Anyway, so that’s all the main players. But I’m not at that level, nothing like. As I said, I’m involved in the research side, which means what I’m actually doing this week is…

And, listen, before I say it, it doesn’t sound glamorous, OK? But it’s not as bad as it sounds, really.

I’m inputting data. To be specific, the results of this big customer survey we did for Coffeewite about coffee, creamers, cappuccinos, and, well, everything. Two thousand handwritten surveys, each eight pages long. I know, right? Paper? No one does paper surveys anymore. But Demeter wanted to go “old school” because she read some research that said people are 25 percent more honest when they’re writing with a pen than they are online. Or something.

So here we are. Or, rather, here I am, with five boxfuls of questionnaires still to go.

It can get a bit tiring, because it’s the same old questions and the participants all scribbled their answers in Biro and they aren’t always clear. But on the plus side, this research will shape the whole project! Flora was all “My God, poor you, Cat, what a bloody nightmare!”—but actually it’s fascinating.

Well. I mean, you have to make it fascinating. I’ve taken to guessing people’s income brackets based on what they said in the question about foam density. And you know what? I’m usually right. It’s like mind reading. The more I’m inputting these answers, the more I’m learning about consumers; at least I hope so—

“People. What the fuck is up with Trekbix?”

Demeter’s voice breaks into my thoughts again. She’s standing in her spiky heels, thrusting a hand through her hair, with that impatient, frustrated, what-is-wrong-with-the-world expression she gets.

“I wrote myself a set of notes about this.” She’s scrolling through her phone, ignoring us all again. “I know I did.”
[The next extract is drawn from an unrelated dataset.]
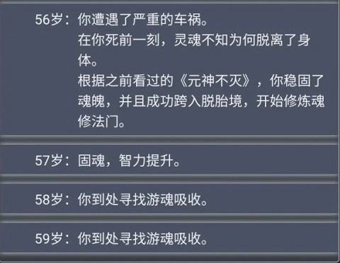 当智力属性高于10点,并且顺利得到乞丐手中的《元神不灭》时,就可以尝试灵魂出窍的奇妙体验了,只是这个过程没办法保证每次都能成功。

“I haven’t seen any notes,” says Sarah from behind her desk, using her customary low, discreet voice. Saint Sarah, as Flora calls her. Sarah is Demeter’s assistant. She has luscious red hair which she ties into a ponytail and very white, pretty teeth. She’s the one who makes her own clothes: gorgeous retro fifties-style outfits with circular skirts. And how she keeps sane, I have no idea.

Demeter has got to be the scattiest person in the universe. Every day, it seems, she misplaces a document or gets the time of an appointment wrong. Sarah is always very patient and polite to Demeter, but you can see her frustration in her mouth. It goes all tight and one corner disappears into her cheek. She’s apparently the master of sending emails out from Demeter’s account, in Demeter’s voice, saving the situation, apologizing and generally smoothing things over.

I know it’s a big job that Demeter does. Plus she has her family to think about, and school concerts or whatever. But how can you be this flaky?

“Right. Found it. Why was it in my personal folder?” Demeter looks up from her phone with that confused, eye-darty look she sometimes gets, like the entire world confounds her.

“You just need to save it under—” Sarah tries to take Demeter’s phone, but she swipes it away.

“I know how to use my phone. That’s not the point. The point is—” She stops dead, and we all wait breathlessly. This is another Demeter habit: She starts a really arresting sentence and then stops halfway through, as though her batteries have been turned off. I glance at Flora and she does a little eye roll to the ceiling.